───── Given data ─────

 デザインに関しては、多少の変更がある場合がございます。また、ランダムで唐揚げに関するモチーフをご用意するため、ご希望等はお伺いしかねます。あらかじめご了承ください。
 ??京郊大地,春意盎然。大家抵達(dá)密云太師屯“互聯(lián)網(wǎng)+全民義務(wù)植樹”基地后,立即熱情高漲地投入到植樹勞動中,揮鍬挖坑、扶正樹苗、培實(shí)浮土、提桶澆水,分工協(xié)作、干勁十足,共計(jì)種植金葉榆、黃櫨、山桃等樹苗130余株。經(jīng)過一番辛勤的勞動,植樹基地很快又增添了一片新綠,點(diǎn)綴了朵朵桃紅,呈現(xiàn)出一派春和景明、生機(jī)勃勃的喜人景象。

─────
───── Given data ─────

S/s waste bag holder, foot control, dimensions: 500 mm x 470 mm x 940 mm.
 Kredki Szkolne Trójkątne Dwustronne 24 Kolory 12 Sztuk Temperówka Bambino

─────

Task to carry out: The required output is the stretch of entries above from the line containing "S/s waste bag" through the line containing "Kredki Szkolne Trójkątne", reproduced exactly.

Result for this exercise:
S/s waste bag holder, foot control, dimensions: 500 mm x 470 mm x 940 mm.
 Kredki Szkolne Trójkątne Dwustronne 24 Kolory 12 Sztuk Temperówka Bambino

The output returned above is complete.